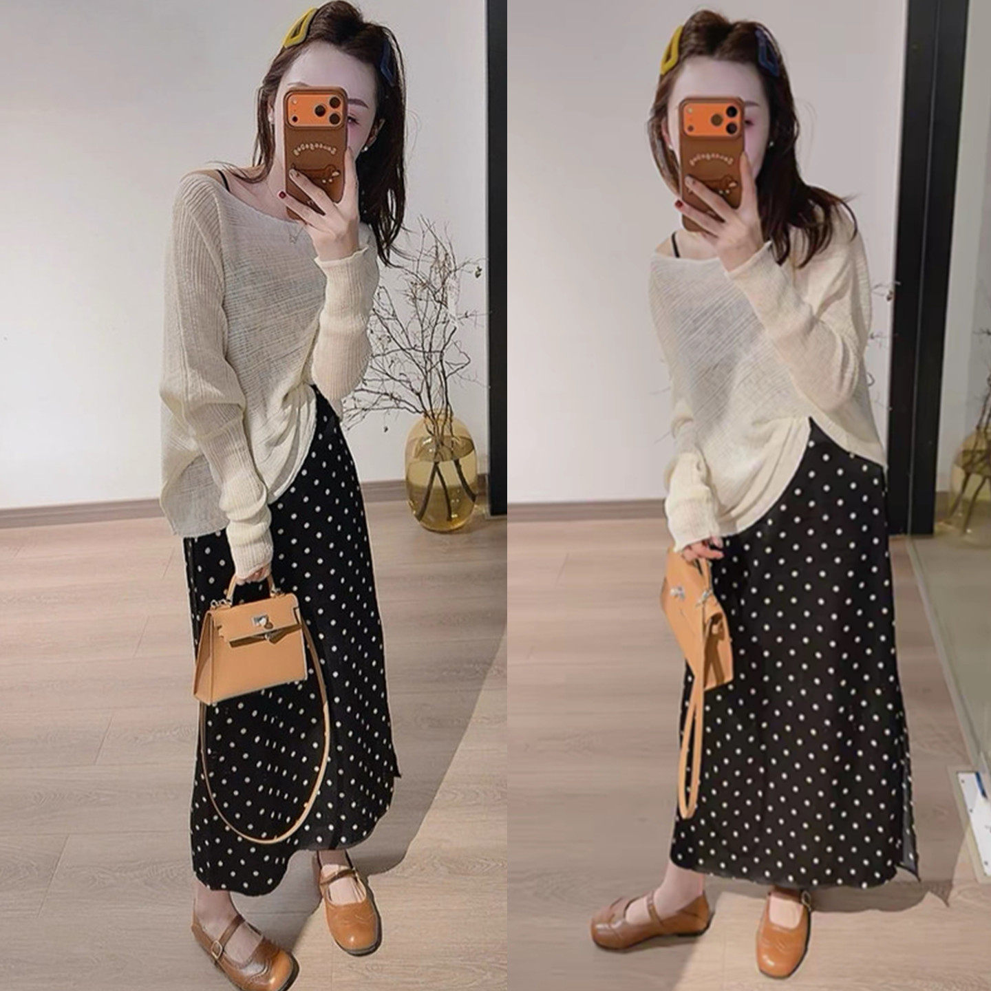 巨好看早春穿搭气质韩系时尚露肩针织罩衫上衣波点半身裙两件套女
--
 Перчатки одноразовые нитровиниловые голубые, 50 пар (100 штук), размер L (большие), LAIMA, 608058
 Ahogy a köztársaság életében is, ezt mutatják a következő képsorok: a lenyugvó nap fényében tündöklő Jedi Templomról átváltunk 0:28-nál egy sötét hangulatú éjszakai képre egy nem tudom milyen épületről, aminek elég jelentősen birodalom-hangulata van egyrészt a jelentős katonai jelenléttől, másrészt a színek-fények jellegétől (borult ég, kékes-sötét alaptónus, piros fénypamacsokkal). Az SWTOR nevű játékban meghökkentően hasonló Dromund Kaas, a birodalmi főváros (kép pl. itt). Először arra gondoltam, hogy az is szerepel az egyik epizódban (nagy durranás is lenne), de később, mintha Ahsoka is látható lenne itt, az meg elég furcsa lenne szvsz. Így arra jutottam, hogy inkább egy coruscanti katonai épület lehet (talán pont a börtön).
==
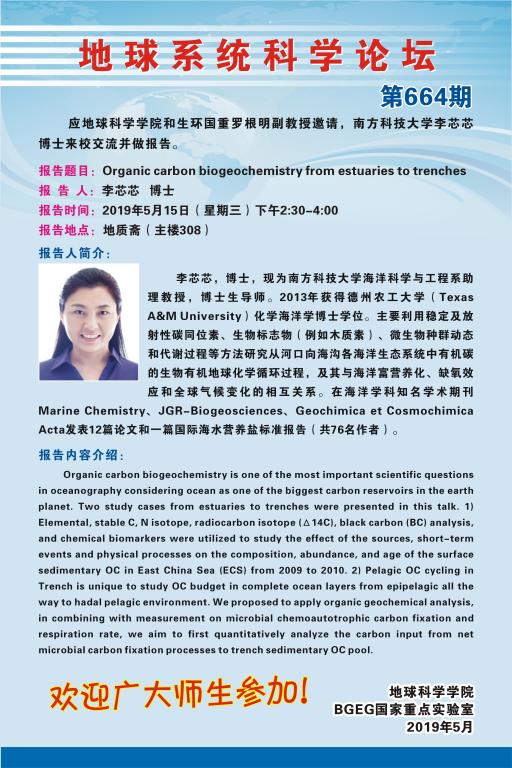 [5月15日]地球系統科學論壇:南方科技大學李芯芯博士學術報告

TASK BRIEF:
All that is wanted is the stretch of lines above from the one containing "Перчатки одноразовые нитровиниловые" through the one containing "Ahogy a köztársaság", duplicated exactly.

EXERCISE RESPONSE:
 Перчатки одноразовые нитровиниловые голубые, 50 пар (100 штук), размер L (большие), LAIMA, 608058
 Ahogy a köztársaság életében is, ezt mutatják a következő képsorok: a lenyugvó nap fényében tündöklő Jedi Templomról átváltunk 0:28-nál egy sötét hangulatú éjszakai képre egy nem tudom milyen épületről, aminek elég jelentősen birodalom-hangulata van egyrészt a jelentős katonai jelenléttől, másrészt a színek-fények jellegétől (borult ég, kékes-sötét alaptónus, piros fénypamacsokkal). Az SWTOR nevű játékban meghökkentően hasonló Dromund Kaas, a birodalmi főváros (kép pl. itt). Először arra gondoltam, hogy az is szerepel az egyik epizódban (nagy durranás is lenne), de később, mintha Ahsoka is látható lenne itt, az meg elég furcsa lenne szvsz. Így arra jutottam, hogy inkább egy coruscanti katonai épület lehet (talán pont a börtön).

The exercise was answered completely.